Everyone is attempting all attacks all the time from everywhere. Why not secure yourself so the attempts fail?


At that point secure would be 'offline'... It's not like botnets, "unlocker" farms and P2P doesn't originate from residential netblocks all day long.

The idea of "I just want the legitimate traffic" is a simple one, but the implementation of the idea has very little to do with "I will just block the big bad cloud!".


Securing yourself means not being vulnerable to the attacks. Who cares if you are exposed to an internet radiation banana equivalent? Why worry? You'll hurt yourself more from the worry than from the radiation.

Blocking huge IP ranges is knocking yourself half offline, and it doesn't even stop you being "attacked". I'd start blocking if and only if there is some actual problem for your server (e.g. excessive CPU or bandwidth usage), not just because big bad scary cloud.


> Who cares if you are exposed to an internet radiation banana equivalent?

Me, because i would like to read all of the syslog without meaningless noise.


Then don't log the noise. Every log gets filled with noise if you aren't careful about choosing what to log.


Nonsense. There is no log level that separates between noise and legitimate data.


Then stop trying to separate it and just acknowledge these logs are (almost?) worthless?

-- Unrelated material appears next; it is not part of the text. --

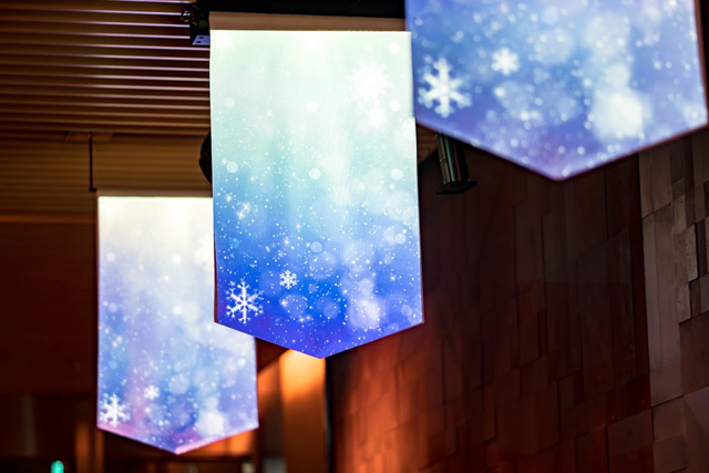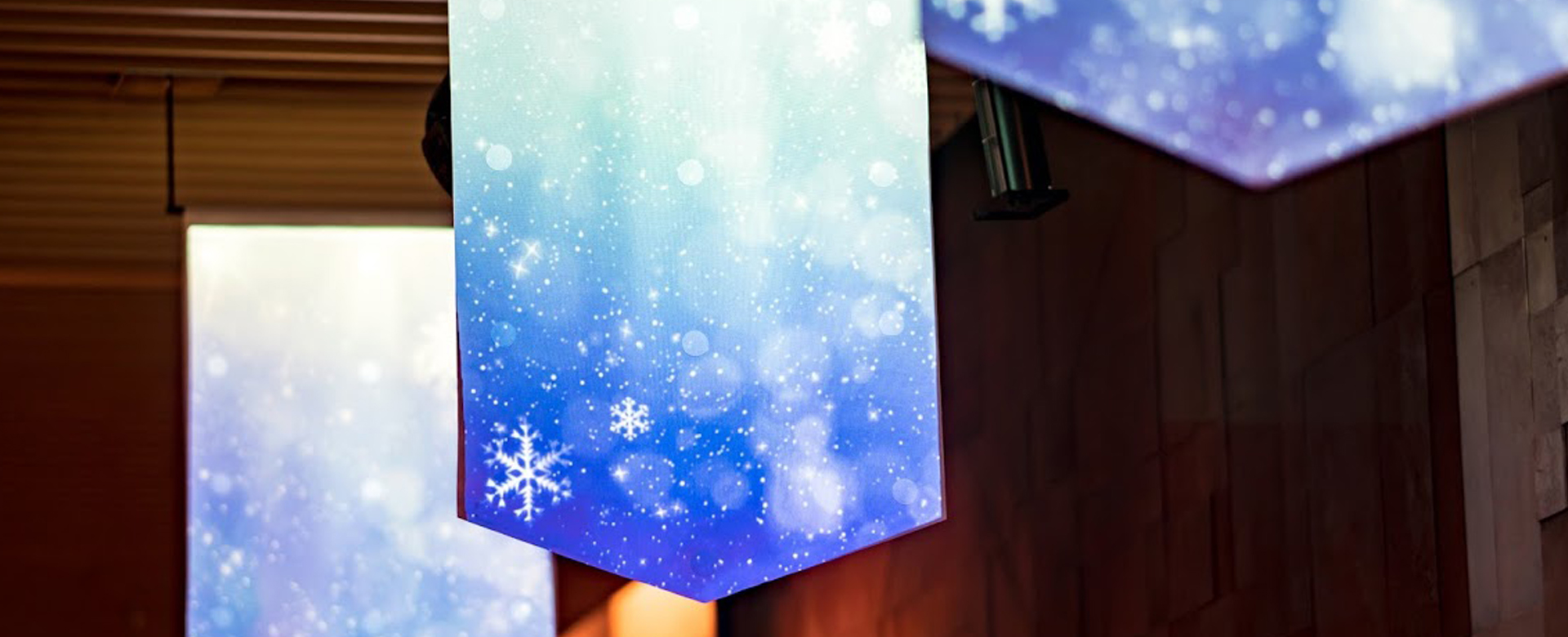 風の通る1階エントランスにて、「冬の縁日」・「冬の下の物語」をテーマに、昼夜で映像を入れ変え、定時イベント演出を織り交ぜた展示を行いました。風を受けて旗が揺れ、その動きを読み取り映像や音が変化することで、その場の空気感に合わせた空間演出を行いました。また、任意のタイミングで送風することで意図的に旗を揺らし映像に変化を与え、より動きのあるイベント表現を行いました。

I think it should be reciprocal, like in the real world. If someone blocks a provider, a provider should be allowed to block back. Maybe with some automatism. So it is fair and each party has information about what is going on. Or using real guns instead of these children games in the sandbox.


So if I run a web server at home and I’m constantly attacked by AWS IPs, I shouldn’t be able to block them without myself being unable to access the lion’s share of the web hosted on AWS? Doesn’t that seem sort of extreme?


I run a web server at home, and have for decades. The constant scans is something you realize is "normal" and just ignore.


The internet is not like twitter - a block is practically bidirectional.


> I think it should be reciprocal, like in the real world. If someone blocks a provider, a provider should be allowed to block back. Maybe with some automatism. So it is fair and each party has information about what is going on. Or using real guns instead of these children games in the sandbox.

I don't think your take makes any sense whatsoever. Beyond the puerile "I'll block you too", what exactly do you hope to achieve with this nonsense?


Fewer blocks.


Can you elaborate? It sounds like puerile specious reasoning at best.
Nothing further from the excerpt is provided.